Actually I was about to say that the importance or impact of conciousness upon the universe can possibly be tied to ideas of an observer or the observer effect? The Double Slit theory is a pretty famous example but as is often the case its used to promote so many different view points/ beliefs that its hard to seperate the facts from the myths.

There's also been some study of the importance of information, didn't Hawking discuss some implications of information in relation to black holes fairly recently? I don't think it was completely convincing but to be honest the specifics of this level of study are well over my head . 

There's always some talk about how we create reality, chicken and egg style, I read an article on it not that long ago but I cant remember by who. But again it seems to be trying to bring humans into an important part of the universe's existence.

To be honest this often has the feel of trying to explain what doesn't fit, because we don't have a complete understanding of the universe, in a similar way that religion has done for centuries (and I definately think there's an argument that for some people Science has become their religion).

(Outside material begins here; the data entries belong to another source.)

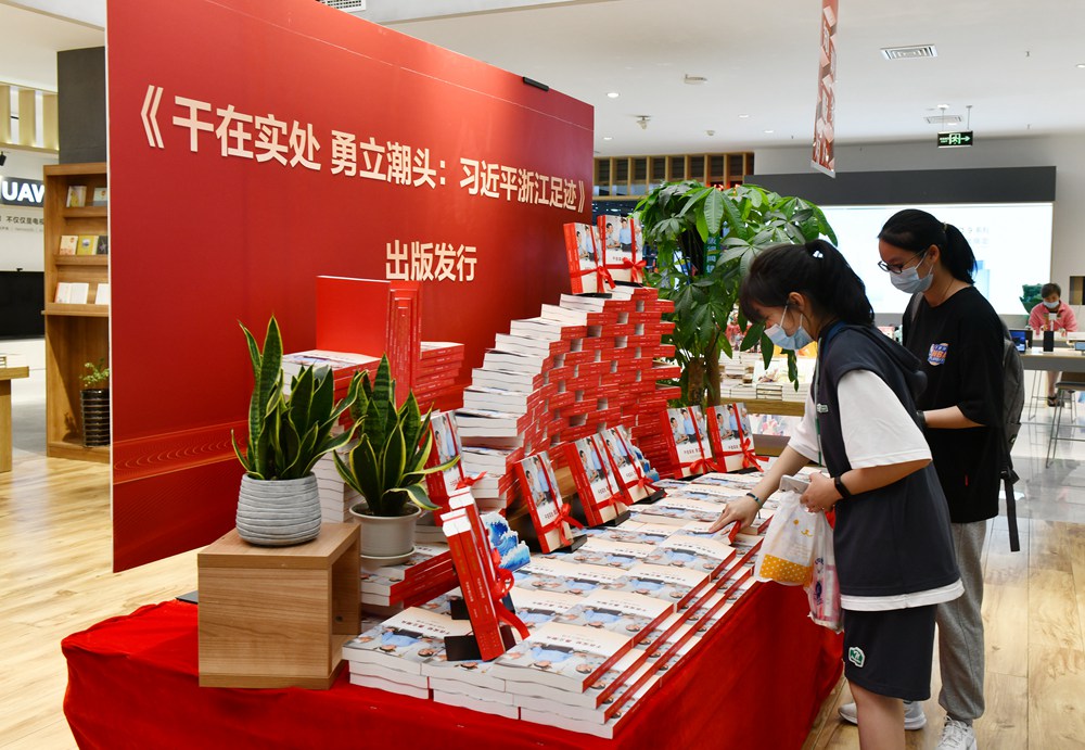 《干在实处 勇立潮头——习近平浙江足迹》近日正式出版发行。该书在我市新华书店各大门店一上架就吸引了人们关注,引来干部群众争相阅读
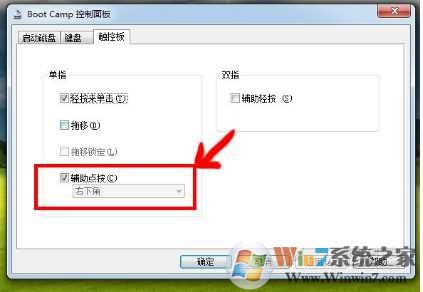 3、然后在觸控板設(shè)置界面下,勾選輔助點擊(右下角)確定。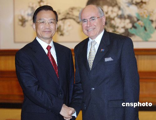 霍华德说,温家宝总理今年早些时候对澳大利亚的访问有力地推进了澳中关系。澳方认为,中国经济快速发展,为包括澳大利亚在内的各国带来新的机遇。澳方愿与中方共同努力发展澳中21世纪互利共赢的全面合作关系。霍华德赞同温家宝提出的深化两国关系与合作的建议。他说,澳中文化背景不同,但两国关系发展良好。广东液化天然气项目投产是澳中经济关系进一步加强的重要标志,表明两国经贸合作具有广阔前景,通过合作可为两国开创更加美好的未来。澳大利亚能源资源丰富,可为中国发展提供长期、稳定、优质的能源。我们愿与中方继续努力,本着优势互补、互惠互利、互谅互让的精神加强并扩大经贸、能源资源等领域的合作,积极推进自贸协定谈判与和平利用核能合作,促进澳中和本地区的共同发展。霍华德说,澳方愿就地区和国际问题加强与中方的交流与合作。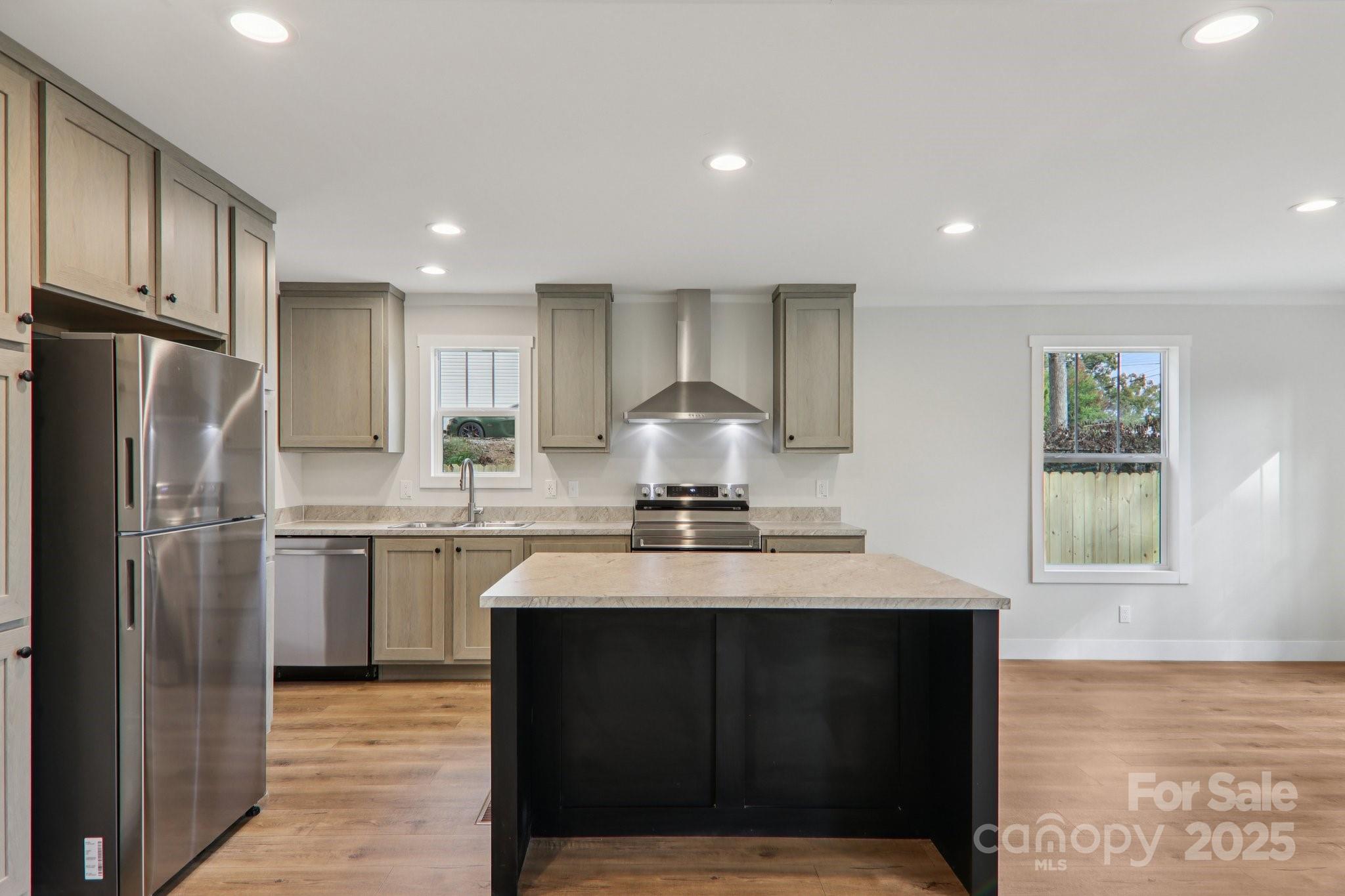 Dishwasher, Electric Range, Exhaust Hood, Refrigerator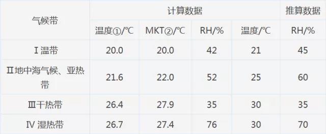 长期试验采用的温度25℃±2℃、相对湿度为60%±10%,是根据国际气候带制定的,国际气候带见下表。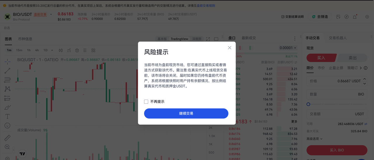 - 風險提醒:在進入盤前交易前,平台已向用戶提示交割相關風險,明確指出交割時按照快照餘額按比例分配真實代幣和違約金。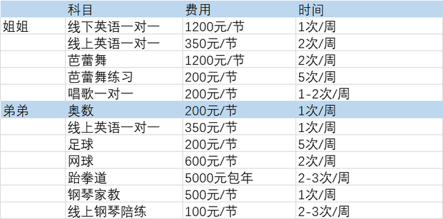 姐姐非常喜欢跳芭蕾,一周有2次1200元/小时的课程,还有5次200元/小时的练习课程,有时候参加比赛需要连续多天特训,单次也是1200元,她在芭蕾舞上一年的花费有16万左右。最近又报了一个一对一唱歌的寒假班,未来可能一周唱一到两次。上海好的老师都比较贵,当然也有便宜一点的课程和老师,我会帮她尽可能选最好的老师。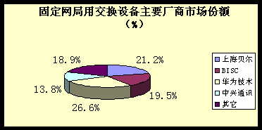 (2)市場特點:市場份額進一步向業(yè)內(nèi)領(lǐng)先者集中,華為技術(shù)、上海貝爾、BISC 依然保持該領(lǐng)域三甲地位,市場份額占市場總量的67.3%。上述三家廠商各自的市場份額分別占到市場總量的26.6%、21.2%、19.5%。 此外,以中興通訊 、華為技術(shù)為代表的非外資設(shè)備廠商積極開拓國外市場以實現(xiàn)其國際化發(fā)展戰(zhàn)略。 中心城市市場趨于飽和,市場競爭焦點向本地網(wǎng)機型拆換和中小城市以下市場轉(zhuǎn)移。激烈的價格競爭導(dǎo)致該市場平均利潤微薄。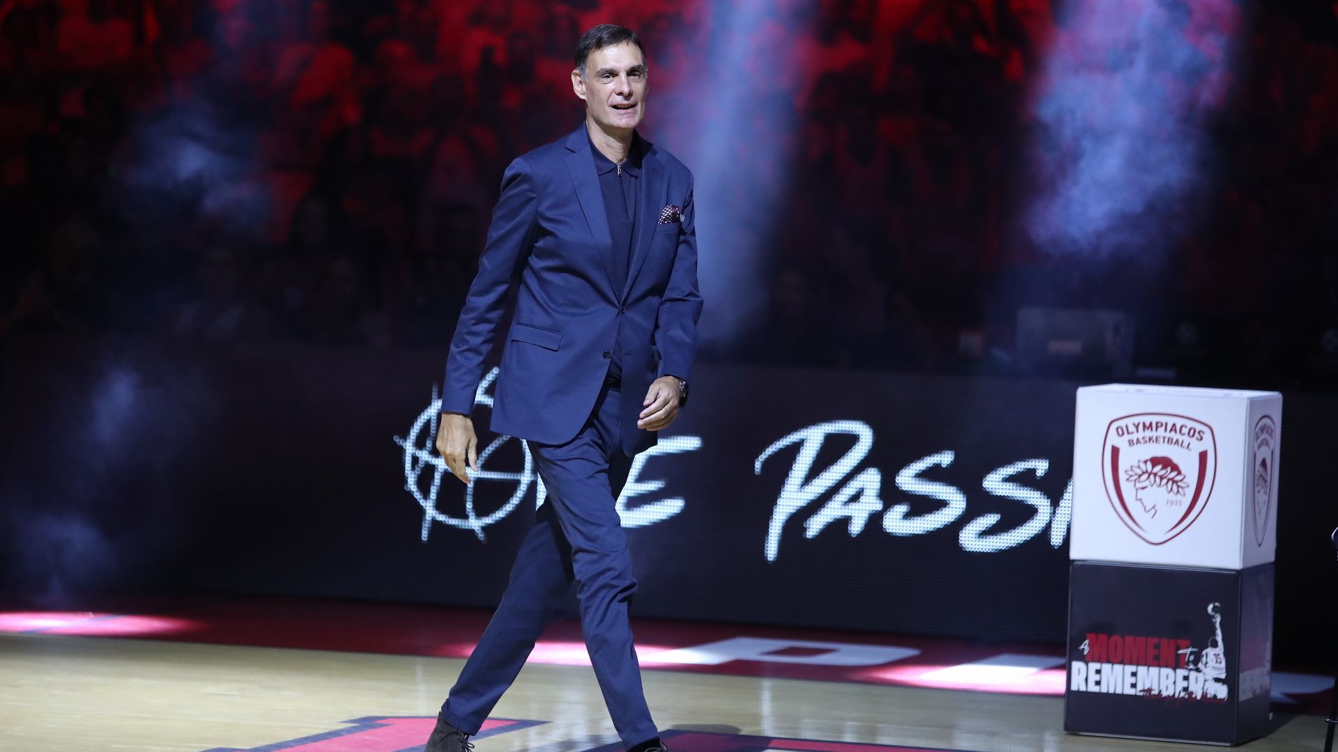 "Ευχαριστώ όσους είναι απόψε εδώ, σε αυτή τη μεγάλη ημέρα, για να τιμήσουν τον Γιώργο και τον Θρύλο. Είναι μεγάλη ημέρα για τον Θρύλο μας, που τιμάει τέτοιους αθλητές στα 100 χρόνια από την ίδρυση του Ολυμπιακού μας. Δεν έχει σημασία τι αθλητική δυνατότητα, τι δεξιότητες έχει, το πιο σημαντικό είναι ο χαρακτήρας. Για να έχεις διάρκεια 15 χρόνων, για να φοράς αυτή την τόσο δύσκολη και βαριά φανέλα του Θρύλου, σημαίνει ότι είσαι ένας ξεχωριστός άνθρωπος. Τον μεγάλο σεβασμό μου και την αγάπη μου. Το "Γιώργο ψυχάρα Ολυμπιακάρα είναι φτιαγμένο ακριβώς γι' αυτόν τον άνθρωπο".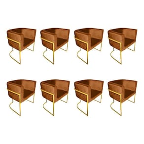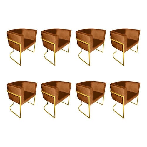 AS IMAGENS SÃO MERAMENTE ILUSTRATIVAS E PODEM SOFRER VARIAÇÕES DE COR E PEQUENOS DETALHES DE ACORDO COM O SEU MONITOR, ILUMINAÇÃO DO AMBIENTE E ATÉ MESMO A SUA PERCEPÇÃO VISUAL.Kit 8 Poltronas Decorativa Sala De Estar Base De Ferro Dourada Veludo Terracota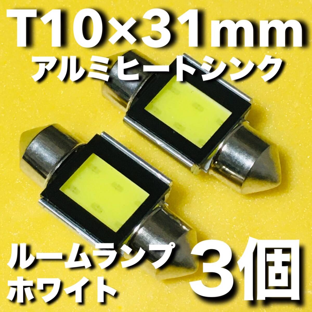 > T10 LED 31mm COB 全面発光 ルームランプ 室内灯 アルミヒートシンク搭載 ホワイト パーツ ライト 車検対応 3個set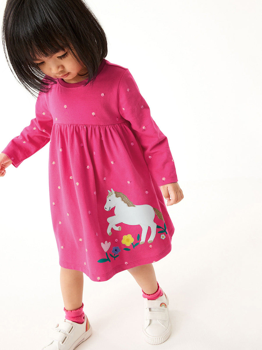 Introducing our Cheap Autumn Girls Cartoon Flowers and Horse Pattern Crew Neck Long Sleeve Shirt, a delightful addition to your little girl's wardrobe. This shirt combines comfort, style, and playful designs, making it perfect for the autumn season. Crafted from high-quality cotton, it ensures that your child stays cozy while looking adorable.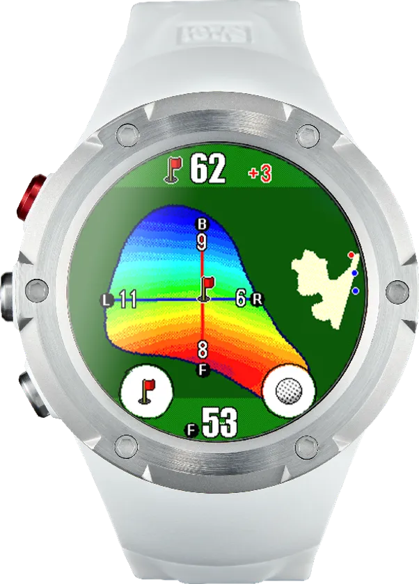 アプローチショット時に、グリーンのどこに落とせば次のパットが打ちやすいかを瞬時に見極める為に、グリーンの起伏を色別で表示する機能。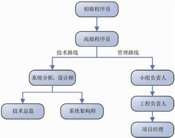 这也是大部分程序员的成长路线。当程序员到达高级程序员后,向管理方面转变,经开发小组负责人、工程负责人,奋斗到项目经理。这种路线适合有一定沟通能力和协调能力的人。走向管理岗位并不是放弃编程,项目经理会在宏观上调控项目的进行,而不像程序员那样注重于程序的细节和功能点。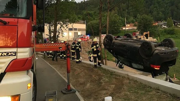 Ein Zeitungsaussteller vergaß während des Austragens die Handbremse anzuziehen. Das Auto kam daher auf der Millstätter Straße ins Rollen und stürzte über eine Mauer in den Seebach.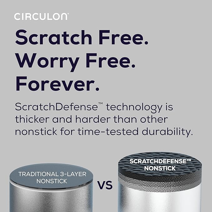 - SCRATCH FREE. WORRY FREE. FOREVER: Circulon’s patented ScratchDefense nonstick technology is our most advanced nonstick cooking surface and engineered not to scratch, ever.* It has been laboratory tested to last 130x longer than the competition—that’s more than 350,000 scrapes without scratching.

Personally I tend to like the simpler explanations, out of all the infinate possibities for how the universe developed, it did so in the one way the could support human life, proof of god or the importance of humans? I don't think so, the odds weren't 1 in a billion it was a dead set certainty because if it hadn't developed this way a different creature would be looking out at a different world asking the same question, or maybe no creature at all would. Someone can probably post the name of that theory, I can't think of it off hand.

Having said all that evolution as it's understood at the moment happens without the requirement of conciousness, so is it possible that the physcial laws, humans and conciousness itself could be trialed and adapted/discarded by the universe in the same way that character or physical traits are in a evolving organism on Earth? 

I suppose that does raise the issue of can a single entity evolve without conciousness or just entities via generations (as with life, as we know it)? and what exactly are the external influences?



Sorry I've kind of wandered well of topic a bit here.... happens alot


----------



## Chupacobra (May 15, 2007)

mogora said:


> But it's still treating that thing that we think so important - consciousness - as some great end product. There's no reason to think it's important or something that the universe 'wants'.


 
But surely the thing is, beings which develop self awareness are as much a part of the universe as everything else? And therefore, that quality called 'consciousness' is also a part of the universe. The universe itself is become self aware, at present through the medium of human consciousness. And there is no distinction between humans and the universe at large. But that doesn't have to imply that I'm trying to say humans are particularly important in the general scheme of things, it's just that we are the only beings capable of self awareness that science currently allows for.


----------



## Quokka (May 15, 2007)

Personally, I don't think the connections are that simple. My conciousness does not directly affect any other organism or piece of matter you could name, so say an animal in Brazil or the moon. That's not to say there isnt connections, I like the idea that we are all quite possibly made up of matter that once made stars and galaxies, I think there is comman heritage and links between everything that exists in what we now consider the universe... and quite possibly with aspects that we are yet to understand or be aware of.

Exactly what those connections mean is why we have Science Fiction and why I enjoy conversations like this .

But to expand upon your idea, if conciousness of smaller components was to affect the larger whole. Then just in regards to humans in our current state, I'd argue that our kowledge and impact is so small that we would affect the universe's conciousness in a similar way that a lone single celled organism could affect the conciousness and self-awareness of the entire planet.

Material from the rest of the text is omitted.